Mythes et légendes

“En tant qu’européen blanc, je suis toujours surpris quand les gens ont un problème avec le fait que le jazz soit décrit comme une musique noire américaine. Tu sais, [rire] qu’est-ce que ça pourrait bien être d’autre ? D’où vient cette musique alors ? Il y a clairement une confusion. Tous les grand héros sont des musiciens noirs américains.

Une part de moi réalise que ce n’est pas ma “langue natale” mais il y a quelque chose dans cette musique que j’aime. Je pense que je peux en être et proposer quelque chose, mais évidemment je vais m’exprimer avec un accent. L’appeler autrement ou bien dire “ouais, j’ai porté le jazz à un autre niveau”, ou “j’ai pris le jazz et l’ai dilué”, ce n’est pas bon. Encore une fois, le mot jazz n’a pas de sens. Dans beaucoup d’endroits, cela veut simplement dire qu’on improvise. Mais quand tu commences à nommer les choses, les gens veulent en revendiquer la paternité, ou alors ils ne veulent pas en être associés. C’est là que ça se complique.

La musique que j’associe au mot jazz, si tu veux y participer ou prendre part à la discussion, est attachée à une histoire. Il y a un langage. L’ignorer et dire “Oh ça ne m’intéresse pas, je veux juste faire mon truc”, tu ne vas que refaire ce qui a déjà été fait. Si tu as gommé tous les éléments qui ont fait cette musique à part l’improvisation, pourquoi tiens-tu à son appellation ? Ça peut rappeler cette manière dégueulasse qu’on les blancs de s’approprier ce qui ne leur appartient pas. Je peux facilement comprendre pourquoi cela peut offenser. Avec ce qu’on a vu récemment, surtout cette année, cela montre à quelle point ce truc est profond.
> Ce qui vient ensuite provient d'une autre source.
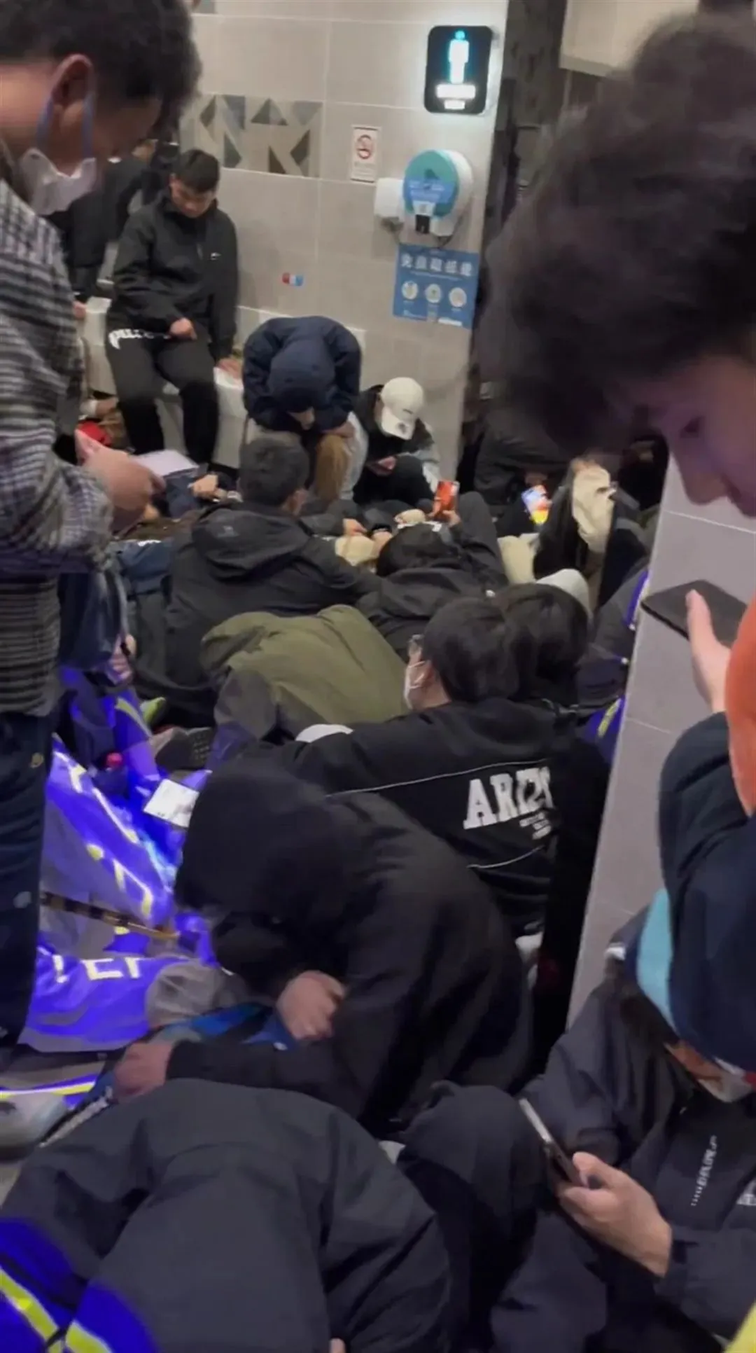 视频显示,许多人或坐或躺在厕所里过夜,有人盖着毯子,有人则穿着单衣席地而坐。现场还有语音提醒:“如果您执意夜宿,请您遵守公共秩序,不要影响他人正常如厕。”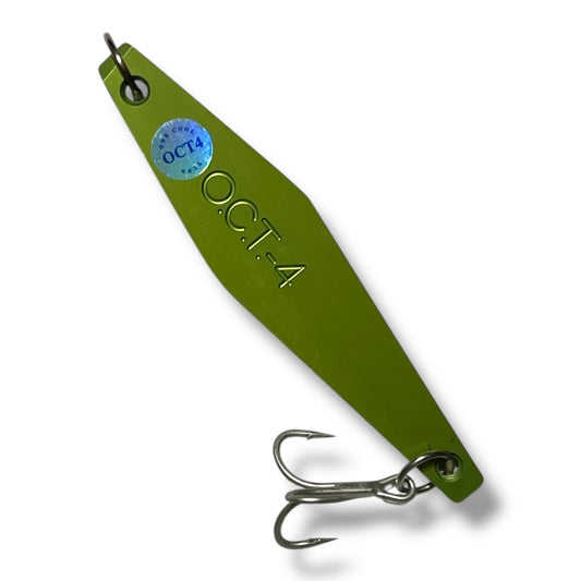 O.C.T.-4 – The scaled down version of the O.C.T.-10, just under 6″ long and weighs in at 2.8 oz. Cut from 6061 T6 billet Aluminum. Comes with a VMC 3/0 4X Treble Hook. If you are a fan of the Tady 4/0 lite, you will love this version of the O.C.T. Jigs. All the same colors as the O.C.T.-10, but with better action for a smaller Jig.
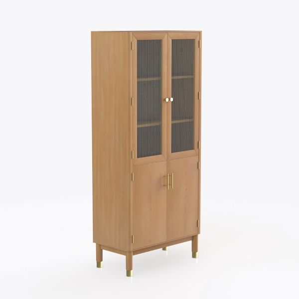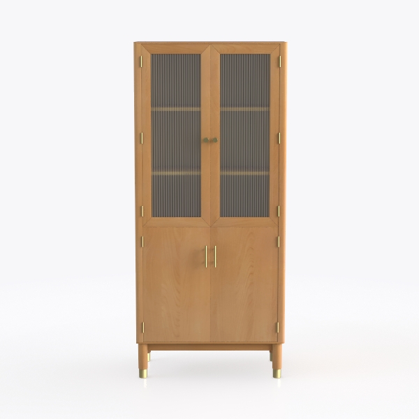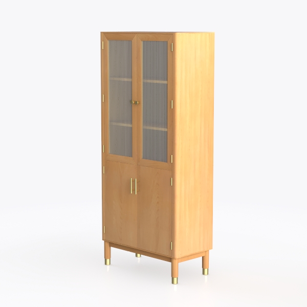 Designed to blend natural warmth with minimalist charm, this piece draws inspiration from organic wood grains and clean lines. Its smooth wooden surface radiates a soft, tactile feel, while clear glass doors and brass handles add subtle elegance. Perfect for a modern Scandinavian or contemporary study, it pairs beautifully with neutral sofas and potted greenery. With upper display shelves and lower storage, it balances functionality and aesthetic, making it a versatile addition to any home.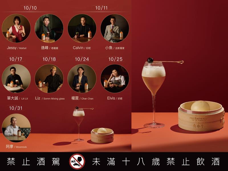 週末「客座調酒之夜」邀集九位來自北中南的知名調酒師,名單涵蓋《亞洲五十大酒吧》入選酒吧與百富威士忌學院歷屆獲獎者:台北|去斯萬家 小魚、Lit Lit 單大成;台中|好吧 Elvis、Calvin、Chan Chan 權震、老裁縫 逸峰、Somm Mixing glass Liz;台南|Moonrock 阿廖;高雄|MALTAIL Jessy。以百富與鼎泰豐相映的精神為靈感,創作每日限量匠藝特調,帶來細膩且層次豐富的味覺探索。
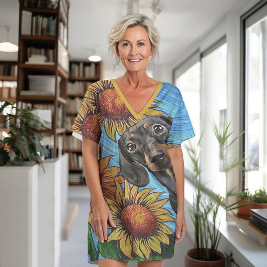Dachshund Shineful V-neck Women's Nightshirts Dachshund With Sunflowers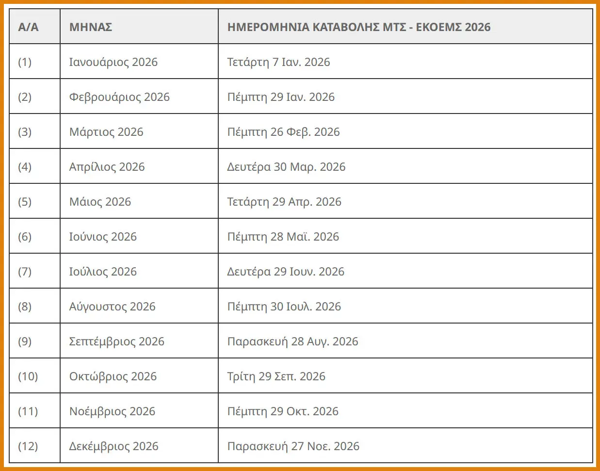 Ημερομηνίες Καταβολής Μερίσματος ΜΤΣ και Οικονομικής Ενίσχυσης ΕΚΟΕΜΣ έτους 2026: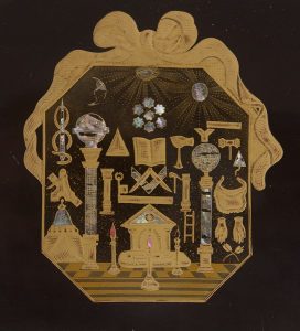 Boîte en laque noire du Japon de forme rectangulaire. Son couvercle est orné d’un tableau de loge composé de nacre irisée et laque dorée : Temple, chandeliers, colonnes, globes, tablier, compas-équerre, plumes, échelles, maillet, ciseau,...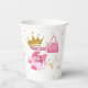 Princess birthday party paper cup for Christian events. Celebrate your child's annual salvation decision to follow Jesus. Partyware theme, "Princess Of The King" with pink princess shoes, gold crown, pink purse and cross necklace. Perfect for family or church events, VBS and Sunday school.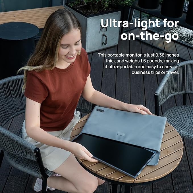 - Ultra Slim Design: Designed for easy travel, ARZOPA portable monitor is lightweight and compact. Weighing only 1.6lb, it boasts a slim profile with thicknesses of 0.35-inch
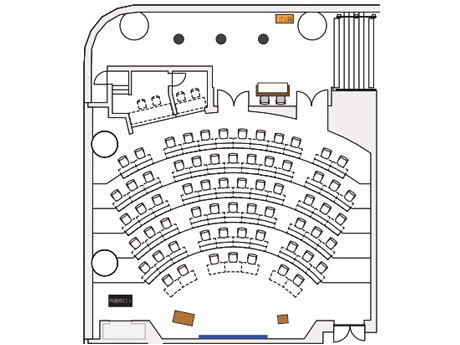 This conference room has a fan-shaped design with spacious personal space. The amphitheater-style multilevel design of this room makes it easy to see presentations from every seat in the room. In addition to the standard screen, there are also two glass screens that can be projected onto, so the room can be used for various presentations with rich visuals.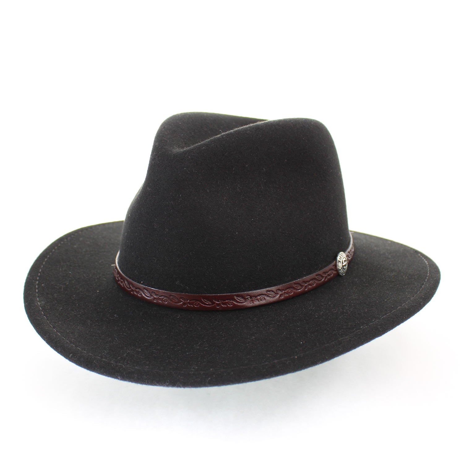 Cromwell Black Outdoor HatThe Stetson Cromwell is a versatile fedora designed for adventure, travel, and everyday wear. Handcrafted in the USA, this crushable wool felt hat is lightweight, soft, and water-repellent—built to bounce back into shape after being packed away. Its 4 1/4" center dent crown and 2 1/2" brim create a timeless silhouette, while the sleek leather hatband with metal pin adds a touch of refined Western style. Finished with a comfortable Drilex sweatband, the Cromwell is a reliable choice for both rugged outings and polished occasions.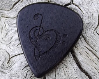 Wood Guitar Pick - Premium Quality - Handmade With African Blackwood - Laser Engraved Both Sides - Actual Pick Shown - Artisan Guitar Pick | 340 | 270 | |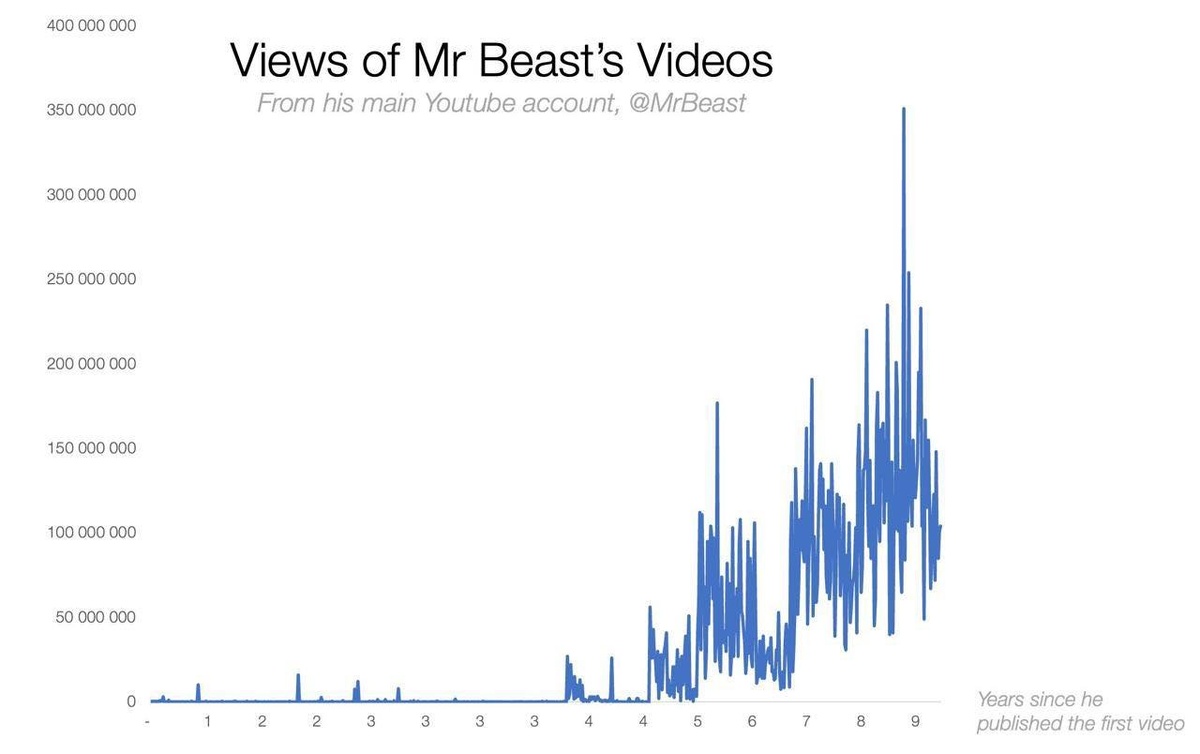 На графике просмотры его видео по количеству годов, после публикации первого видео. Чувак не сдался, у него может быть и цели не существовало, он просто шел своим путем :) как Мандалорец. В итоге - добился славы, известности и бабулек. Вывод? Ну видимо такой, что к целе надо идти упрямо, но откровенно говоря в жизни полно примеров, когда долбишься в пустоту :) @clickfraud.ru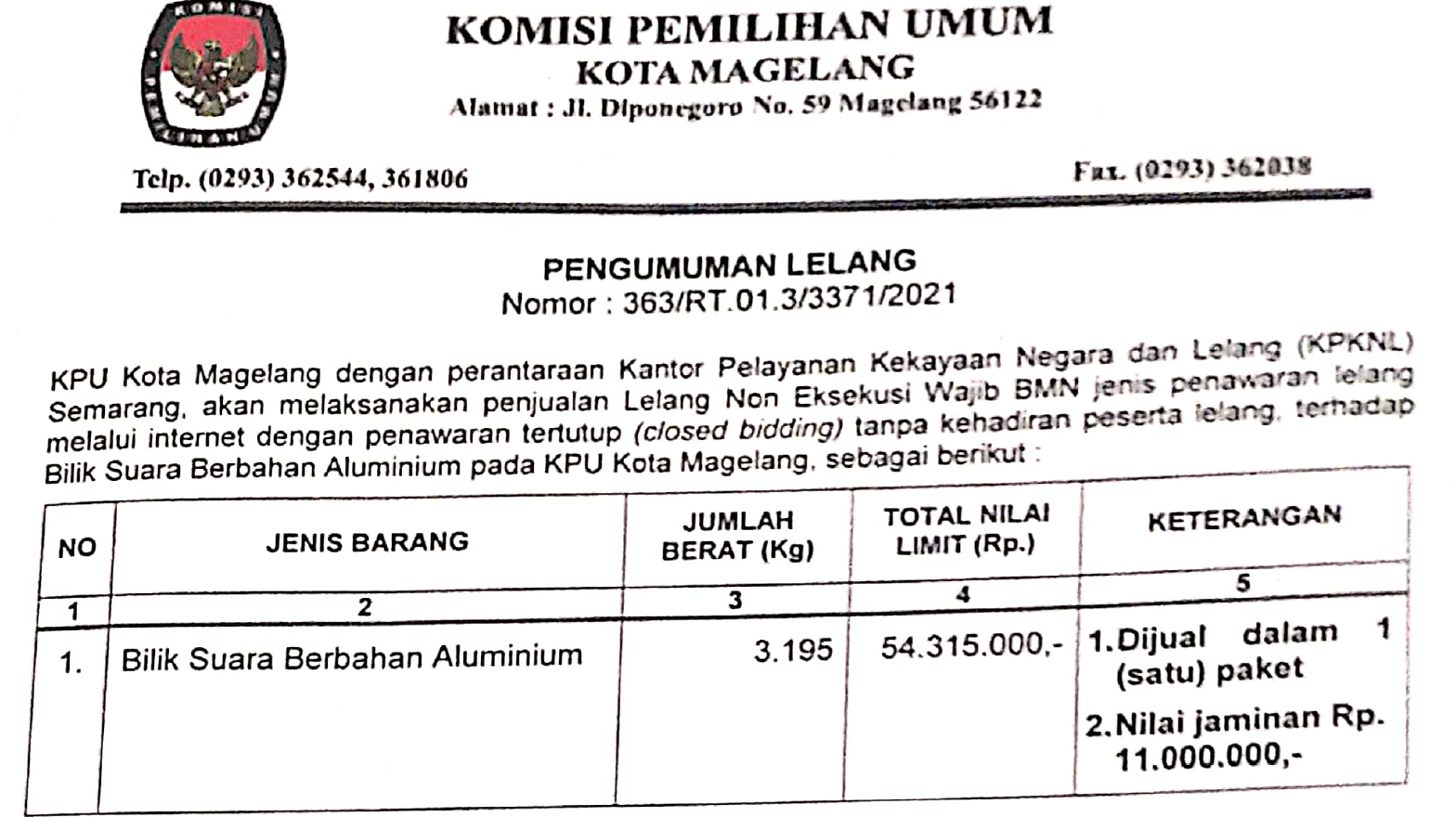 Lelang Bilik Suara Berbahan Aluminium pada KPU Kota Magelang Senin, 13 Desember 2021 20:21 369 Selengkapnya Klik Lelang Bilik Suara Berbahan Aluminium pada KPU Kota Magelang Baca Selengkapnya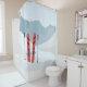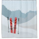 Abstrakte Winterlandschaft mit Panoramablick auf die Berge, rote Skiausrüstung, Pfad und Himmel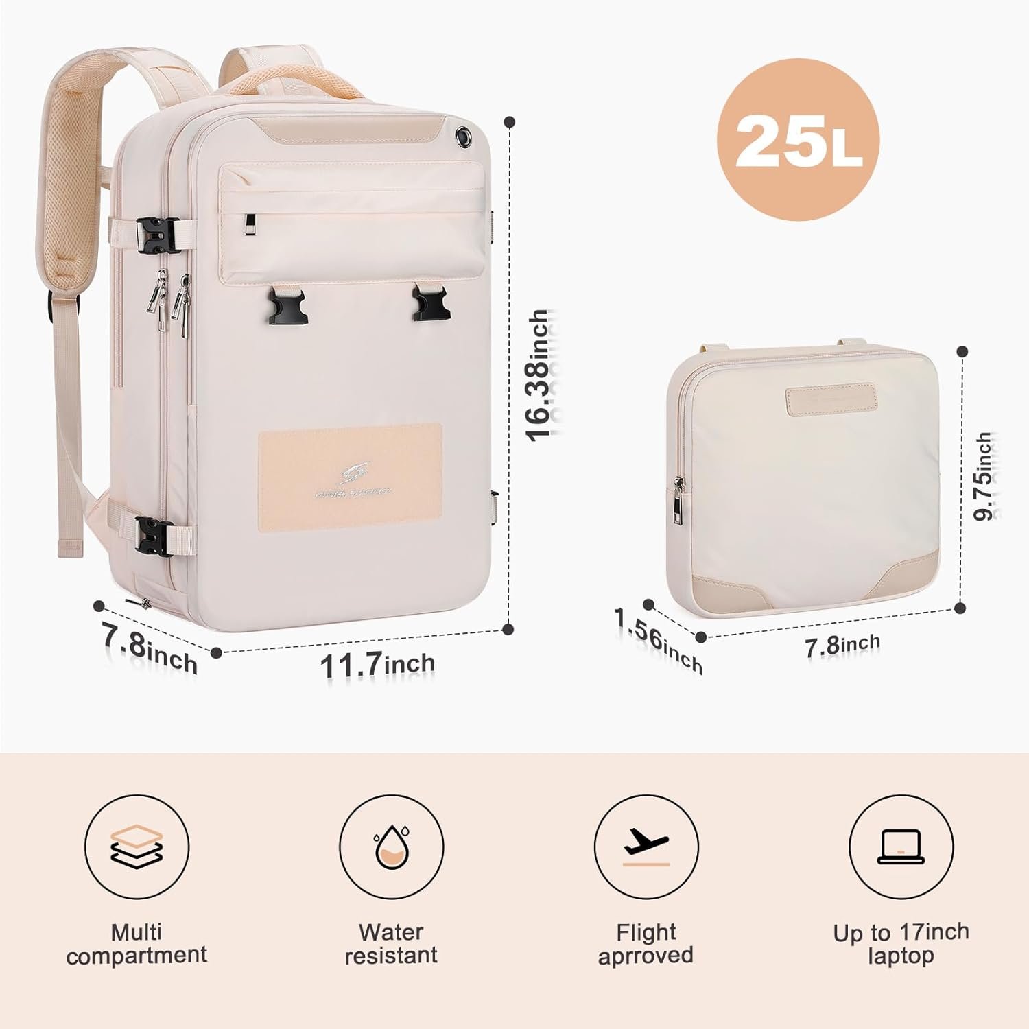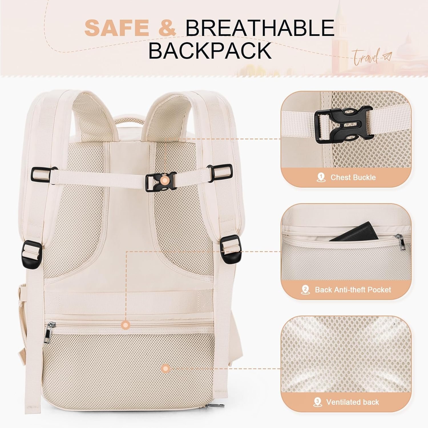 Maelstrom Travel Backpack for Women Men,25L Laptop Backpack Fits 15.6-Inch Laptop,Waterproof Carry On Backpack for Airplanes with Detachable Crossbody Bag & Shoe Compartment (Beige, Medium)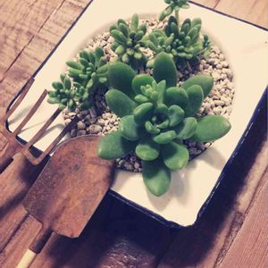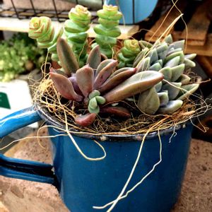 ずっと雨ですね☂️ ホーローの灰皿に 多肉ちゃん 植えました😊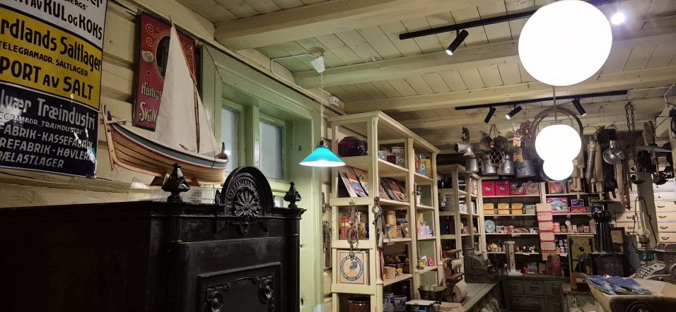 Aus dem Hauptgebäube, ein Lagerhaus und Svolvaers erstes Kolonialwarengeschäft von 1828, wurde zwischenzeitlich ein Museum und kleiner Souvenir-Shop. Es ist noch immer wie damals gut bestückt und zeigt von der Decke bis zur kleinsten Ecke den gut genutzten Warenraum. Hier befindet sich übrigens auch die Rezeption der Rorbuer.
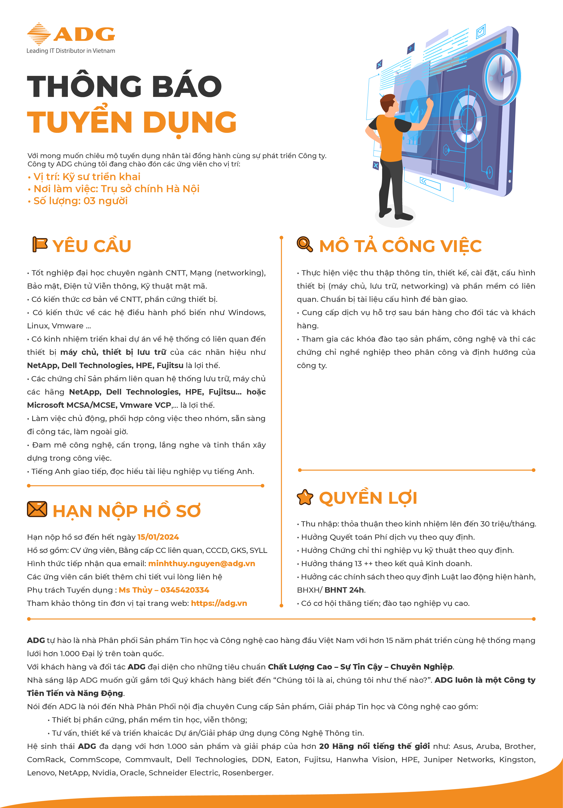 Thông báo tuyển dụng T1/2024: Kỹ sư triển khai

On est pas loin des années 60. C’est toujours sous-jacent. Les gens disent “ah oui, c’est une société post-raciale”. Clairement pas. Je pense que la plupart des noirs américains ne disent pas ça. Seuls les blancs disent ça.

La musique que j’aime vient d’une culture spécifique, donc évidemment il y a beaucoup plus d’implications que ce dont je suis conscient. Comme j’aime cette musique et que je veux la référencer et la comprendre du mieux possible à travers ma propre musique, je ne peux séparer ces éléments. Mais au bout du compte, quand je pars jouer, je ne pense plus à tout ça. J’essaye juste de jouer et d’être sincère avec moi-même. Je ne me dis pas nécessairement “rendons hommage à Charlie Christian”. Apparemment [rires] je l’ai relevé et j’aime son jeu, mais quand il s'agit de jouer, c’est ce qui me passe par la tête ou ce qui fonctionne avec les gens avec lesquels je joue ce soir-là”.”

Lage Lund, guitariste.

Tiré d'une interview (en anglais) publiée sur le blog du club new-yorkais The Jazz Gallery.